Goal of the exercise:
Starting at the line that contains "38 x 45.5 cm" and stopping at the line that contains "(Parâmetros universais). 3ds", restate each line of the records below exactly. Omit the pictures.

Information supplied:
☆ ☆ ☆ ☆

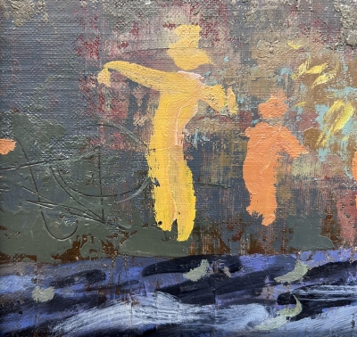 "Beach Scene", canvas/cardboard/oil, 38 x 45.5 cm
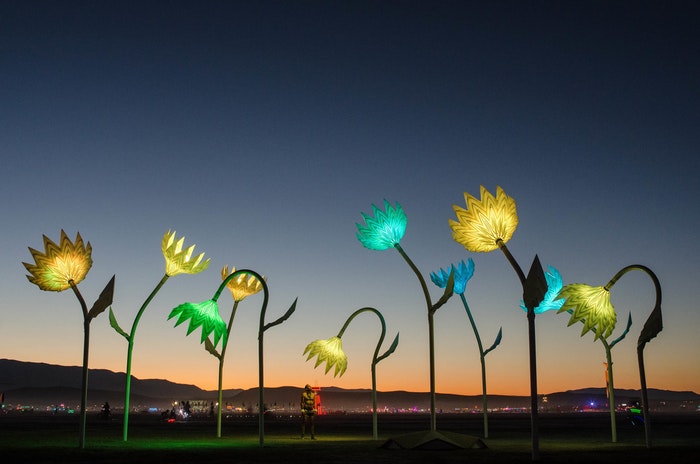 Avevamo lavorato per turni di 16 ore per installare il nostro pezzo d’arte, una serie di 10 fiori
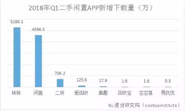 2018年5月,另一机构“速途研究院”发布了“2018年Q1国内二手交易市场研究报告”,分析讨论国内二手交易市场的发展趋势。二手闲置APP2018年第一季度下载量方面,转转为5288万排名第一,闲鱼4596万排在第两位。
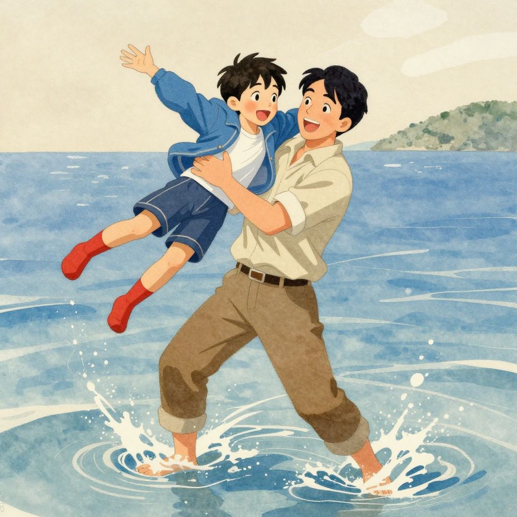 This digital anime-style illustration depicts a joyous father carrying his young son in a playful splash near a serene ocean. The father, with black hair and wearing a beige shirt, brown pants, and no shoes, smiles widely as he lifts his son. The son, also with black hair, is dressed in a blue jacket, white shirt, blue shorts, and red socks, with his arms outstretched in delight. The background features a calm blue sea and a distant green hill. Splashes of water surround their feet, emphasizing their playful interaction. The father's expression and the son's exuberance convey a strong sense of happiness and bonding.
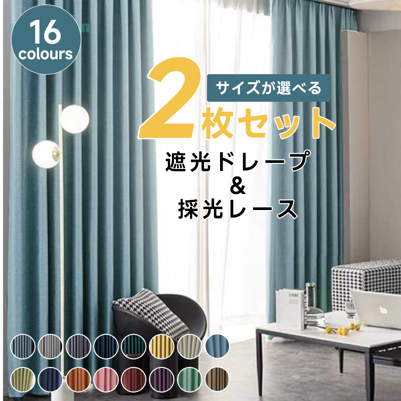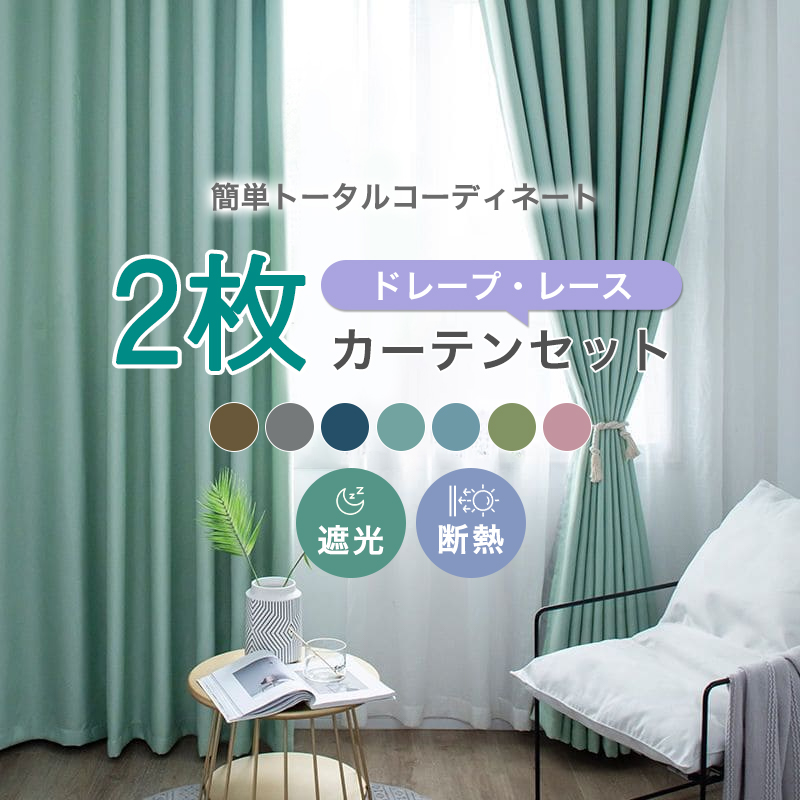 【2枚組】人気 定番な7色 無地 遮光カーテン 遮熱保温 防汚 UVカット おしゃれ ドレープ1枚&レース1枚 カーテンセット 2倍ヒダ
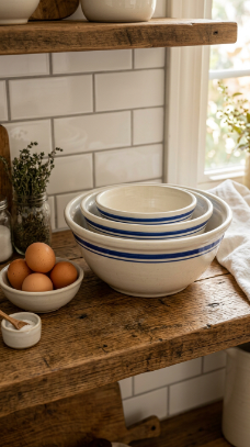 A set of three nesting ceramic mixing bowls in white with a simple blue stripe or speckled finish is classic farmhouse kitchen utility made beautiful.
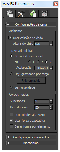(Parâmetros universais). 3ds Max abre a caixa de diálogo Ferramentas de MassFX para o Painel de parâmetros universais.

☆ ☆ ☆ ☆

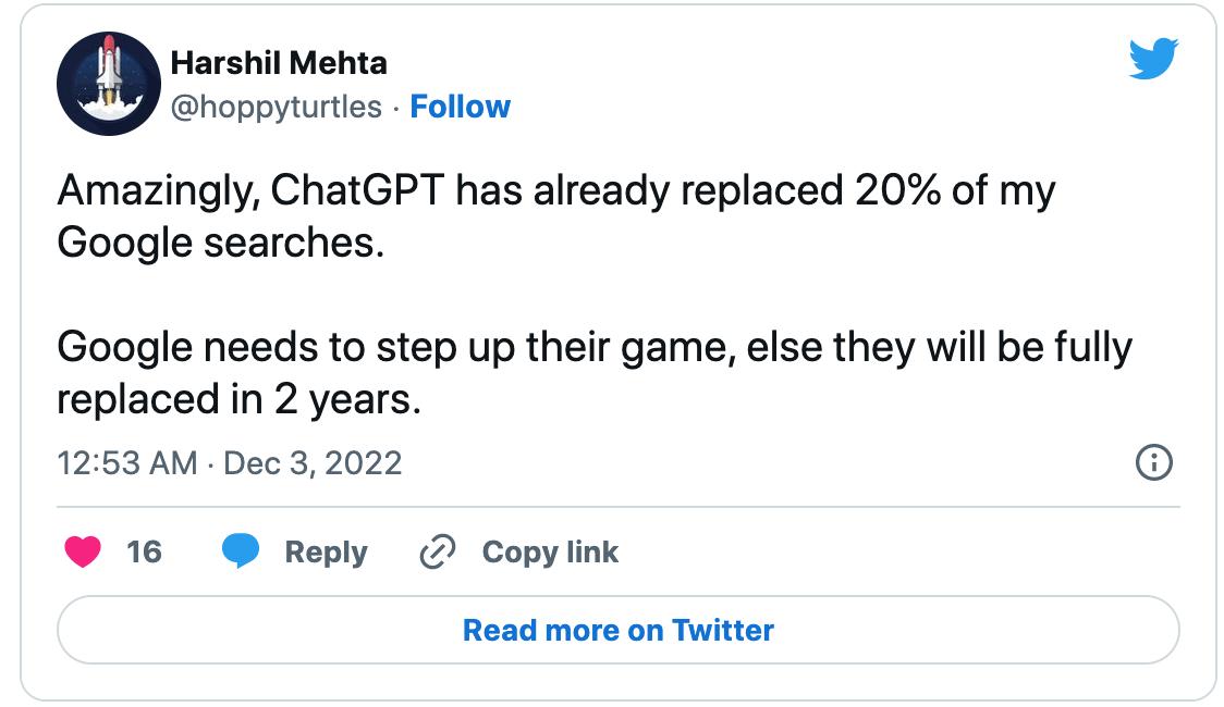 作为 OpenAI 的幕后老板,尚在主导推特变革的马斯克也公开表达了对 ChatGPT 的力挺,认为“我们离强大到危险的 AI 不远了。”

☆ ☆ ☆ ☆

Response:
 "Beach Scene", canvas/cardboard/oil, 38 x 45.5 cm
 Avevamo lavorato per turni di 16 ore per installare il nostro pezzo d’arte, una serie di 10 fiori
 2018年5月,另一机构“速途研究院”发布了“2018年Q1国内二手交易市场研究报告”,分析讨论国内二手交易市场的发展趋势。二手闲置APP2018年第一季度下载量方面,转转为5288万排名第一,闲鱼4596万排在第两位。
 This digital anime-style illustration depicts a joyous father carrying his young son in a playful splash near a serene ocean. The father, with black hair and wearing a beige shirt, brown pants, and no shoes, smiles widely as he lifts his son. The son, also with black hair, is dressed in a blue jacket, white shirt, blue shorts, and red socks, with his arms outstretched in delight. The background features a calm blue sea and a distant green hill. Splashes of water surround their feet, emphasizing their playful interaction. The father's expression and the son's exuberance convey a strong sense of happiness and bonding.
 【2枚組】人気 定番な7色 無地 遮光カーテン 遮熱保温 防汚 UVカット おしゃれ ドレープ1枚&レース1枚 カーテンセット 2倍ヒダ
 A set of three nesting ceramic mixing bowls in white with a simple blue stripe or speckled finish is classic farmhouse kitchen utility made beautiful.
(Parâmetros universais). 3ds Max abre a caixa de diálogo Ferramentas de MassFX para o Painel de parâmetros universais.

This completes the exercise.